Regardless of Merriweather, I had a wonderful time and still think I was fortunate enough to get an excellent start in life because of the good, though somewhat old fashioned schooling at HRC. (We called ourselves Hot Roasted Chickens). When I left for high school I had already had a year of Latin, a nice little foundation for math, had read Shakespeare, Dickens and many other great authors. I had been taken to musicals, eisteddfods, and learned song (can't say I learned to sing, but that had to do with my own limited abilities) and dance. I could write bread-and-butter notes (check this link if you like entertaining, etiquette and the finer side of life), knew which knife and fork to use at an elaborate dinner and walk up straight and elegantly. 
None of these skills are particularly helpful in the life I live now. Manners are not really required much these days and tableware has been reduced to a single fork. Long, newsy letters on fine stationary have been replaced by emails and Latin, I believe is no longer required in any academic direction. 

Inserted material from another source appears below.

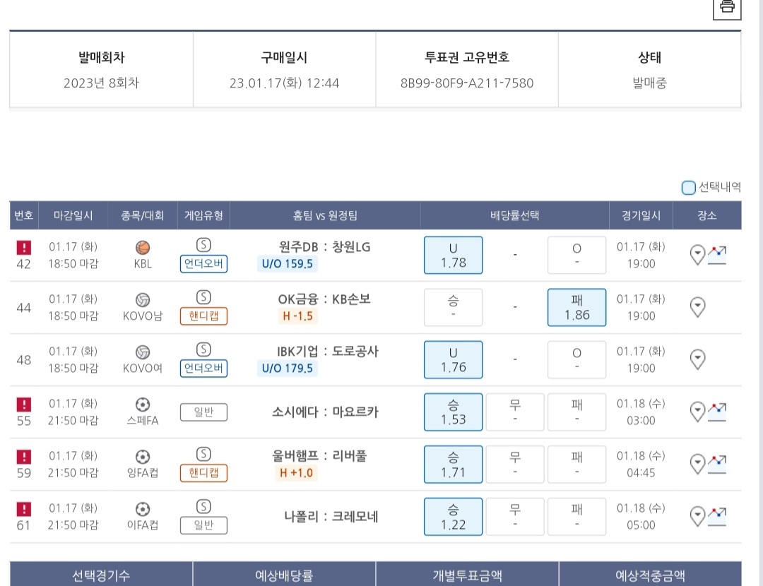 베팅은 어디까지나 본인 선택입니다. (남자배구는 어찌될지 모르니 일단 삭제!! ㅠㅠㅠㅠ)

We cannot prevent change and progress, but we can regret the loss of some of the finer things in life. Therefore, Paddy and I are going back to writing letters (even though the first one Paddy wrote got lost in the mail from South Africa to Arizona). No more quick exchanges zipping along the web, but letters that take longer to write, longer to arrive, but are sure to be savored longer by the recipient.
Listening to: Appalachia Waltz, Yo-Yo Ma, Edgar Meyer and Mark O'Conner.





February 2, 2010

Open doorway in Rome.

I think this is what they call 'noise' in photography, but I took this picture a long time before I had heard of 'noise'. It was also the time when you had one roll of film in your camera and you used it under whatever circumstances you wanted to take a picture. A high ISO would give more noise, be more grainy. This picture was taken under low light conditions and I had to open the aperture. Still, I have always liked this picture taken through an open door in Rome.
Camera: my faithful Minolta, which is gathering dust now that I have gone digital.

January 31, 2010

The Cookie Thief.

I was on the phone when I came to the realization that, from the corner of my eye, I had seen Athena walk by quite often in the space of time I had been occupied. I was concentrating on the business call; it was late in the day and I was tired. I saw her walk jauntily in again, and a moment later, make her way outside with a sheepish look on her face and giving me the whale-eye. The call lasted another 30 minutes at least, and I was now aware of Athena's regular visits to the kitchen, but was unable to investigate. When I did, I saw that someone had put the large box of dog biscuits on the floor in the laundry room and Athena had clearly been making her selection and burying them in the garden. There were numerous little heaps here and there where she had hidden her stash.
The picture was taken on a downtown walk and worked on to diffuse the background and concentrate on Athena's eyes. I have been interested in Digital Art, but I will first have to know the terminology and work with the software a little (or a lot).
I admire Susan Tuttle's work and somehow artists like Susan give me licence to alter my original photo's to something a little different.
Listening to Shanghai Girls by Lisa See.